Complete technical specification and implementation details from the patent document.
This application claims the benefit of U.S. Provisional Patent Application No. 63/570,443 filed Mar. 27, 2024, which is incorporated by reference herein in its entirety.
Genetic variants, such as insertions, deletions, substitutions, rearrangements and copy number variants may be correlated with disease and response to therapeutic intervention. Identifying genetic variants accurately is therefore becoming increasingly important for diagnosing and treating disease. Copy number variations (CNVs) can contribute to a wide range of diseases and disorders, and knowing a person's CNV status can help to improve the diagnosis, treatment, and prevention of these conditions.
The majority of currently used methods for CNV detection relies on genomic data, including the bioinformatic approaches that use genomic information by inferring CNVs from hypo-methylated molecules. Methylation data has largely been overlooked in the context of CNV detection. The Inventors have designed a computational approach that allows us to obtain the CNV signal from the DNA methylation data (hyper partition) by analyzing the distribution of hyper-methylated molecules in the off-target regions of the genomic/epigenomic panels. Described herein, using a selected set of clinical samples sequenced with the Infinity platform, that the large-scale CNVs derived from off-target hypermethylated molecules align with those detected from genomic data. This method for CNV detection using methylation data offers a wide range of practical applications: Detecting large scale CNVs in the future methylation-only products. Cancer subtyping using CNV signature patterns. Identification of HRD status from methylation data, existing methods are predominantly reliant on CNV detection based on genomic data. Enhancing our existing CNV detection algorithm based on genomics by incorporating methylation data as an additional, complementary source of signal. Possible QC applications for methylation-based assays.
The disclosure relates detection and analyses of a genetic state of a locus of interest in genetic material. The genetic material may include Deoxyribonucleic Acid (DNA) or Ribonucleic Acid (RNA) from a genome, chromosome, or other genetic material of a sample. The genetic state may include a variation from a wildtype sequence of the nucleic acid sequenced from the sample. Such variation may include, without limitation, a copy number variant (CNV) (which may include a series of deletions also referred to as copy number loss (CNL) relative to the wildtype state or insertions), a rearrangement, and/or other states. Based on the diagnostic, one or more treatment options may be determined. However, other types of genetic states of other loci of interest may be modeled.
A method of determining copy number variation (CNV) in a sample, including obtaining or having obtained a biological sample from the subject, wherein the biological sample comprises cell-free deoxyribonucleic acid (cfDNA) molecules; performing or having performed a diagnostic assay on the biological sample, wherein the diagnostic assay includes obtaining a set of sequence reads from a plurality of polynucleotides derived from the cfDNA molecules and analyzing the sequence reads to obtain a quantitative measure of CNV in a portion of a genome of interest.
The method wherein the diagnostic assay includes ligating molecular barcodes to a plurality of the cfDNA molecules in the biological sample to generate tagged parent polynucleotides;
amplifying a plurality of tagged parent polynucleotides to generate amplified progeny polynucleotides; sequencing a plurality of the amplified progeny polynucleotides to generate the set of sequence reads, wherein the set of sequence reads comprises sequence information corresponding to a polynucleotide derived from the plurality of cfDNA molecules and sequence information from the molecular barcodes that were ligated to the cfDNA molecules.
The method wherein the diagnostic assay includes purifying cell-free nucleic acids from a sample; physically fractionating the cell-free nucleic acids to generate one or more partitions, wherein the physical fractionating comprises fractionating nucleic acids based on one or more characteristics, wherein the one or more characteristics comprises methylation status; and sequencing at least a fraction of nucleic acids in the one or more partitions to generate a set of sequencing reads.

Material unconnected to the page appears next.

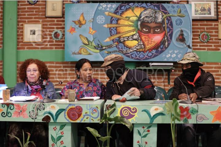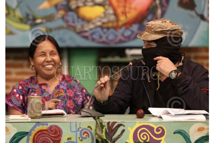 SAN CRISTÓBAL DE LAS CASAS, CHIAPAS, 17ABRIL2018.- Silvia Marcos, académica, María de Jesús Patricio Martínez (Marichuy), vocera del Concejo Indígena de Gobierno, el Subcomandante Insurgente Galeano y el Comandante Tacho, durante la tarde de ayer como primer día de actividades del conversatorio "Miradas, escuchas, palabras: ¿prohibido pensar?", encuentro entre el Concejo Indígena de Gobierno, las redes de apoyo del CIG, periodistas y artistas y el Ejército Zapatista de Liberación Nacional (EZLN) para hacer una evaluación sobre el recorrido y la participación del CIG y Marichuy como aspirante a candidata independiente. FOTO: DALIRI OROPEZA /CUARTOSCURO.COM

The method includes attaching NGS-enabling adapters comprising differential molecular tags to each of the one or more partitions to generate molecular tagged partitions. The method includes differential molecular tags are different sets of molecular tags corresponding to a partition. The method includes physically fractionating comprises fractionating with methyl-binding domain protein (“MBD”)-beads to stratify into various degrees of methylation. The method includes at least one partition comprises hypermethylated DNA. The method includes physically fractionating comprises separating DNA molecules using immunoprecipitation. The method includes various degrees of methylation that comprise hypermethylation and hypomethylation. The method includes, amplifying the cell-free nucleic acids from the one or more partitions to generate amplified nucleic acids. The method includes re-combining one or more molecular tagged partitions. The method includes enriching the re-combined one or more molecular tagged partitions for a plurality of genomic regions. The method includes aplurality of genomic regions comprises differentially methylated regions. The method includes enriching by hybridization of amplified nucleic acids to RNA or DNA probes.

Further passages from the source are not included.